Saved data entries
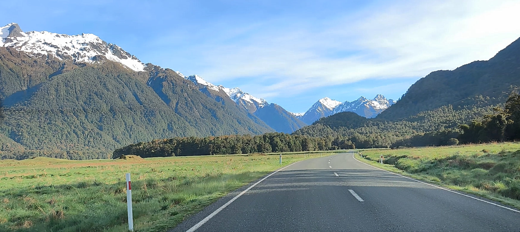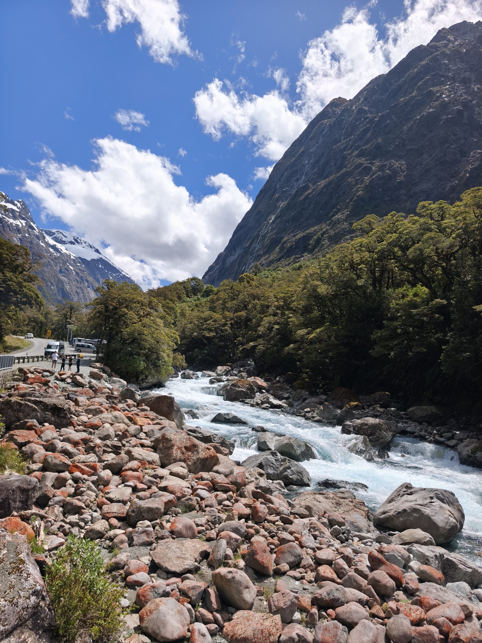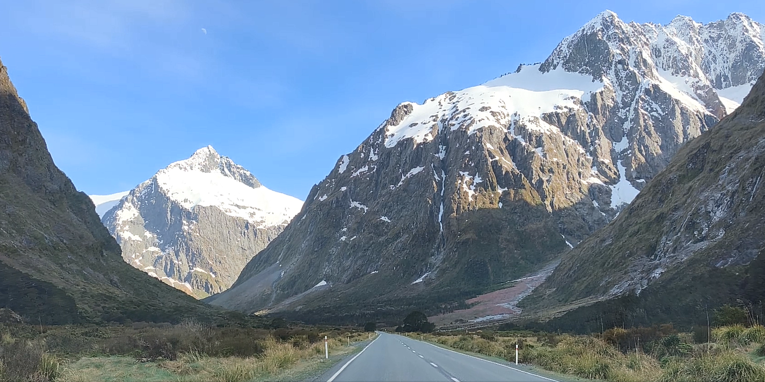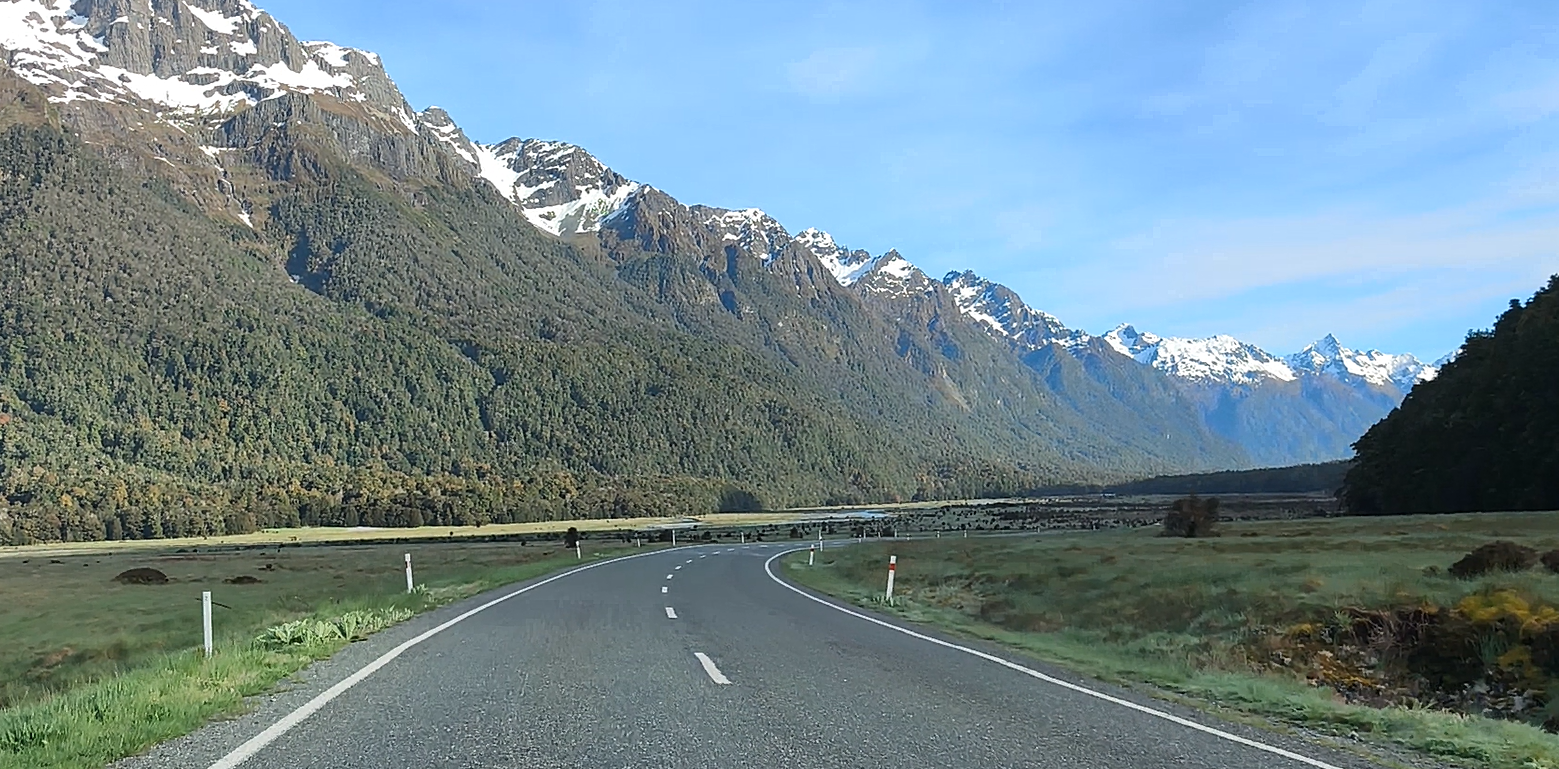 Me toca madrugar (como cada día). Antes de las 7 y media ya estoy en la Milford Road una de las carreteras escénicas del mundo, así que hay que dedicarle el tiempo suficiente para disfrutar del esa naturaleza y ese paisaje. 120 km de ida y otros tantos de vuelta desde Te Anau. Un callejón sin salida, un trayecto de montaña, de camino a Mildford Sound “Piopiotahi” (piopio: ave nativa extinta). Fiordo (estilo noruego) del que salen cruceros para visitarlo. Descubierto por los maoríes desde hace más de 1000 años, fuente de pesca y de caza, también recolectaban el preciado “pounamu”, piedra verde y dura, el jade Neozelandés, un tesoro espiritual y cultural, usado como arma y adorno. Descubierto por los europeos a inicios de S XIX. Patrimonio de la humanidad en 1990. El destino turístico más famoso de NZ. Se tarda 2h 15m sin paradas ni prisa. Hay 4-5 sitios donde parar en el trayecto. El Pk de pago es por horas. El recorrido va hasta la entrada del fiordo y regreso, 2h. Los barcos pequeños se acercan más a las cascadas (y te calas más).
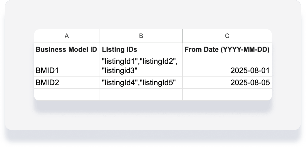 How to fill in: Enter all listings for the same business model in one cell. Start and end each listing ID with quotation marks, and separate listings with a comma. Example: "listingId1","listingId2","listingId3"
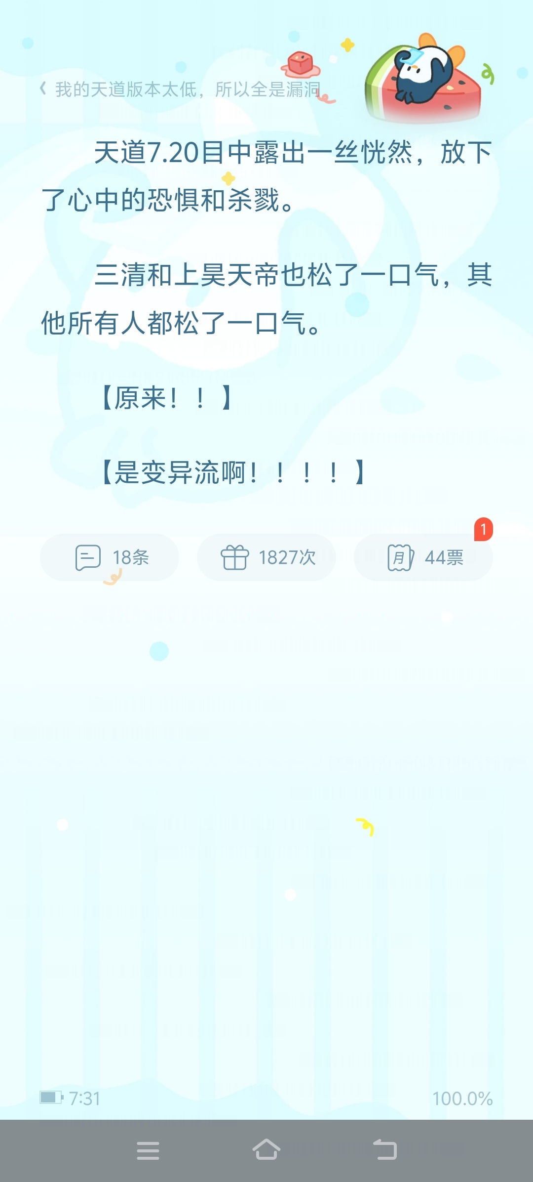 "The current environment is really getting worse and worse. The rich are soaring in the sky, but the poor are struggling. I think the cultivation world is taking jujube pills." "I really miss the time when the old version was full of loopholes in cultivation. This version 7.18 Of the Way of Heaven is really disgusting..." "What, the Way of Heaven has been updated to version 7.18?" Levi looked at his Version 1.0 Of the Way of Heaven and fell into deep thought! So what am I practicing these days? ......... The good news is that the old version of Tiandao is still compatible and full of bugs. The bad news is that if Heaven catches the cheater, he will be rewarded with a thunder calamity on the spot, banned, reincarnated, and rebuilt. In order not to be thrown into the underworld to work. Levi decided to hang up! As the saying goes, a pig can fly on the wind, but there are seven wind vents ahead! "As long as I fly fast enough, the calamity won't be able to catch up with me!" A few years later. Heaven. "Fellow Immortal Lords, do you have anything to say about the crime of reporting monk Li Wei's huge amount of unknown cultivation to Master Lei Bu?" "No one can be above the Heavenly Dao!" The Immortal Lords said with a look of indignation: "So Master Leibu, stop it!" "It's all Li Wei out there!" How can you judge the accumulation of loopholes in the seven Heavenly Dao versions of the gods run by three generations of Leibu's ancestors!
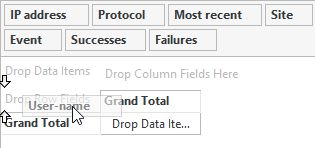 The beauty of a pivot grid is its flexibility. By simply dragging and dropping fields between these areas, you can quickly change the perspective of your data. Want to see data transfers by user instead of by protocol? Just drag the User-name field to the row area. It's that simple.
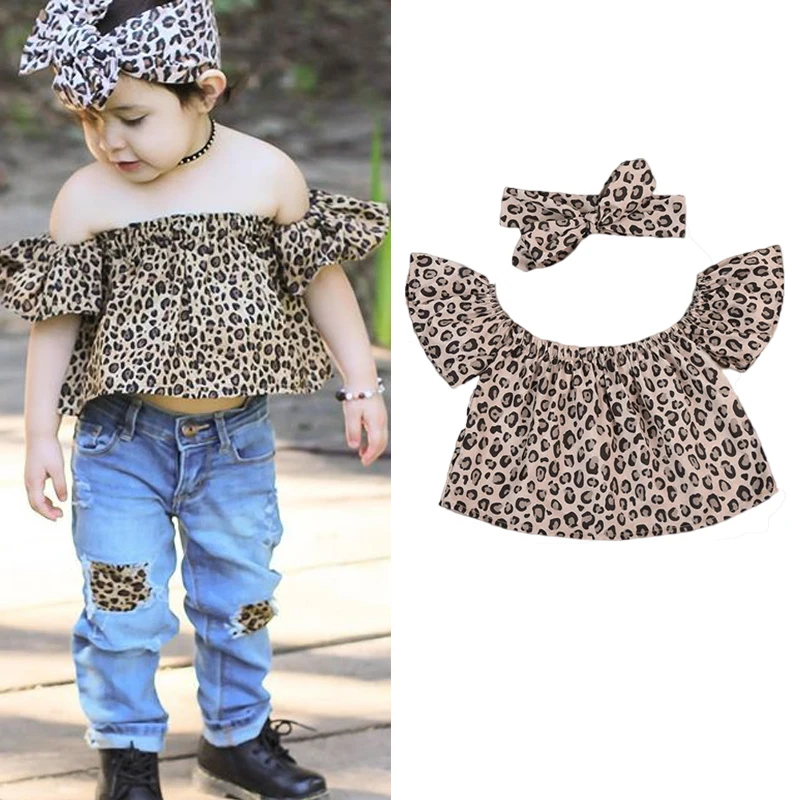 Леопардовый комплект из 2 предметов для маленьких девочек: топ с открытыми плечами + шарф!
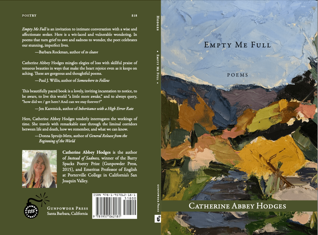 “Empty Me Full is an invitation to intimate conversation with a wise and affectionate seeker. But Catherine Abbey Hodges is no common questioner. Hers is a wit-laced and vulnerable wondering. Exhilarated by relationship with human, animal, earth and sky, in language honed with care and cadence, her surprising turns of thought and discovery deepen our shared humanity. Without being sentimental, the book is rich with sentiment. Without dictating belief, the collection inspires reverence for the greater-than-human. In poems that turn grief to awe and sadness to wonder, the poet celebrates our stunning, imperfect lives.”

• _Your goal_
Apart from the pictures, all of the data must be duplicated exactly as shown above.

• _Written answer_
 Me toca madrugar (como cada día). Antes de las 7 y media ya estoy en la Milford Road una de las carreteras escénicas del mundo, así que hay que dedicarle el tiempo suficiente para disfrutar del esa naturaleza y ese paisaje. 120 km de ida y otros tantos de vuelta desde Te Anau. Un callejón sin salida, un trayecto de montaña, de camino a Mildford Sound “Piopiotahi” (piopio: ave nativa extinta). Fiordo (estilo noruego) del que salen cruceros para visitarlo. Descubierto por los maoríes desde hace más de 1000 años, fuente de pesca y de caza, también recolectaban el preciado “pounamu”, piedra verde y dura, el jade Neozelandés, un tesoro espiritual y cultural, usado como arma y adorno. Descubierto por los europeos a inicios de S XIX. Patrimonio de la humanidad en 1990. El destino turístico más famoso de NZ. Se tarda 2h 15m sin paradas ni prisa. Hay 4-5 sitios donde parar en el trayecto. El Pk de pago es por horas. El recorrido va hasta la entrada del fiordo y regreso, 2h. Los barcos pequeños se acercan más a las cascadas (y te calas más).
 How to fill in: Enter all listings for the same business model in one cell. Start and end each listing ID with quotation marks, and separate listings with a comma. Example: "listingId1","listingId2","listingId3"
 "The current environment is really getting worse and worse. The rich are soaring in the sky, but the poor are struggling. I think the cultivation world is taking jujube pills." "I really miss the time when the old version was full of loopholes in cultivation. This version 7.18 Of the Way of Heaven is really disgusting..." "What, the Way of Heaven has been updated to version 7.18?" Levi looked at his Version 1.0 Of the Way of Heaven and fell into deep thought! So what am I practicing these days? ......... The good news is that the old version of Tiandao is still compatible and full of bugs. The bad news is that if Heaven catches the cheater, he will be rewarded with a thunder calamity on the spot, banned, reincarnated, and rebuilt. In order not to be thrown into the underworld to work. Levi decided to hang up! As the saying goes, a pig can fly on the wind, but there are seven wind vents ahead! "As long as I fly fast enough, the calamity won't be able to catch up with me!" A few years later. Heaven. "Fellow Immortal Lords, do you have anything to say about the crime of reporting monk Li Wei's huge amount of unknown cultivation to Master Lei Bu?" "No one can be above the Heavenly Dao!" The Immortal Lords said with a look of indignation: "So Master Leibu, stop it!" "It's all Li Wei out there!" How can you judge the accumulation of loopholes in the seven Heavenly Dao versions of the gods run by three generations of Leibu's ancestors!
 The beauty of a pivot grid is its flexibility. By simply dragging and dropping fields between these areas, you can quickly change the perspective of your data. Want to see data transfers by user instead of by protocol? Just drag the User-name field to the row area. It's that simple.
 Леопардовый комплект из 2 предметов для маленьких девочек: топ с открытыми плечами + шарф!
 “Empty Me Full is an invitation to intimate conversation with a wise and affectionate seeker. But Catherine Abbey Hodges is no common questioner. Hers is a wit-laced and vulnerable wondering. Exhilarated by relationship with human, animal, earth and sky, in language honed with care and cadence, her surprising turns of thought and discovery deepen our shared humanity. Without being sentimental, the book is rich with sentiment. Without dictating belief, the collection inspires reverence for the greater-than-human. In poems that turn grief to awe and sadness to wonder, the poet celebrates our stunning, imperfect lives.”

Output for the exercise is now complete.